$30 Mil and 10 Years Later, Nazi War Docs Still Secret

The Obama administration may be revealing some of the war on terror’s ugliest secrets. Meanwhile, in the bowels of the federal bureaucracy, they can’t even manage to declassify documents from World War II. Despite "$30 million and 10 years" to do the job, National Archives and Records Administration hasn’t been able to okay for public […]

The Obama administration may be revealing some of the war on terror's ugliest secrets. Meanwhile, in the bowels of the federal bureaucracy, they can't even manage to declassify documents from World War II.
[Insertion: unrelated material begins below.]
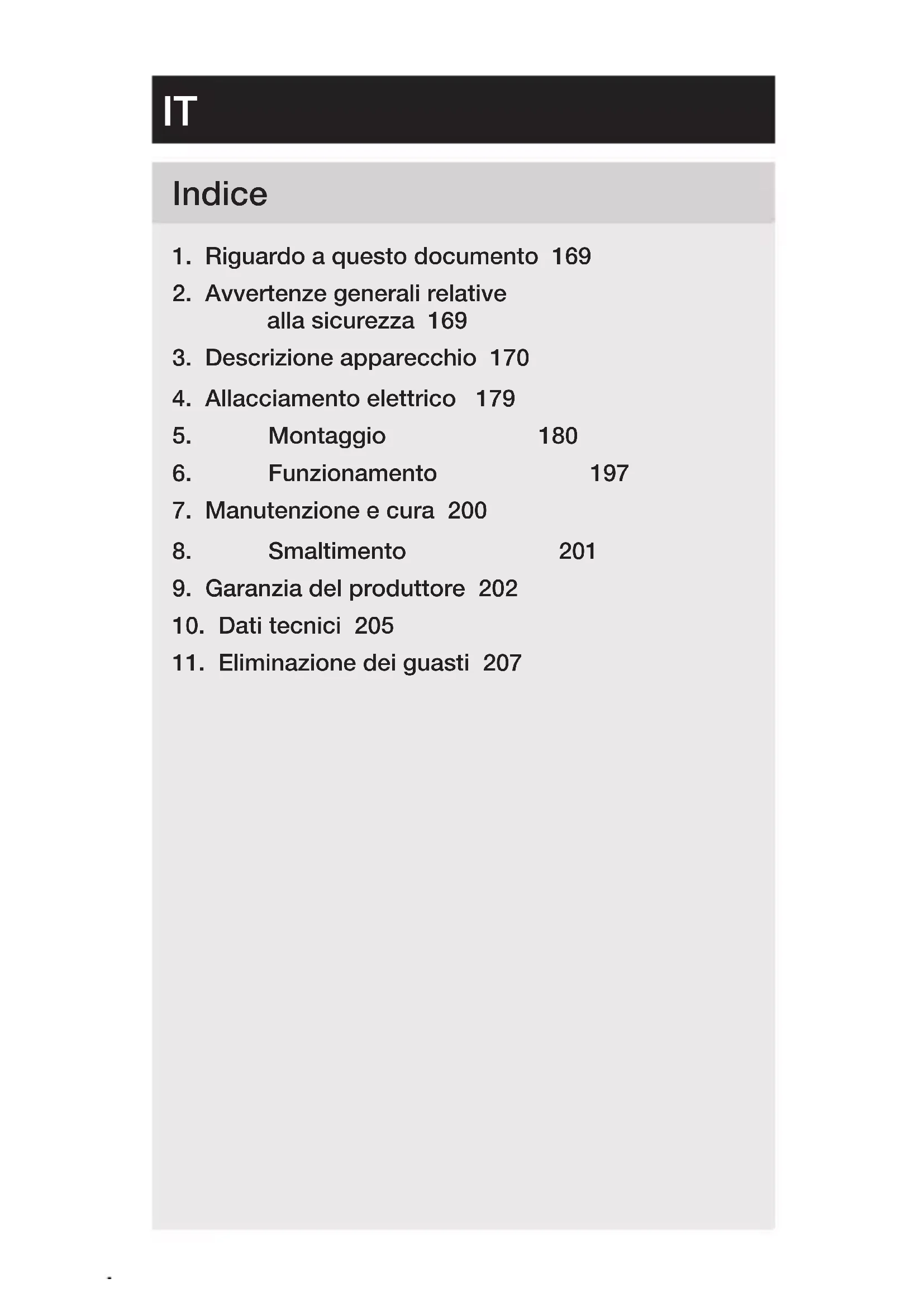 9. Garanzia del produttore 202

Despite "$30 million and 10 years" to do the job, National Archives and Records Administration hasn't been able to okay for public consumption all of the "records on the involvement of U.S. intelligence agencies with Nazi and Japanese war criminals," SpyTalk reveals.

Congress has just budgeted another $650,000 to finish the job - really, they're serious this time -- of poring through some 8 million postwar pages.

*"There's a million pages of Army and CIA documents left" to read and catalog, said Miriam Kleiman, a spokeswoman for NARA. *

Naturally, Kleiman says her group of paper-pushers shouldn't be blamed for the lag. It's some other bureaucrats' fault, she insists.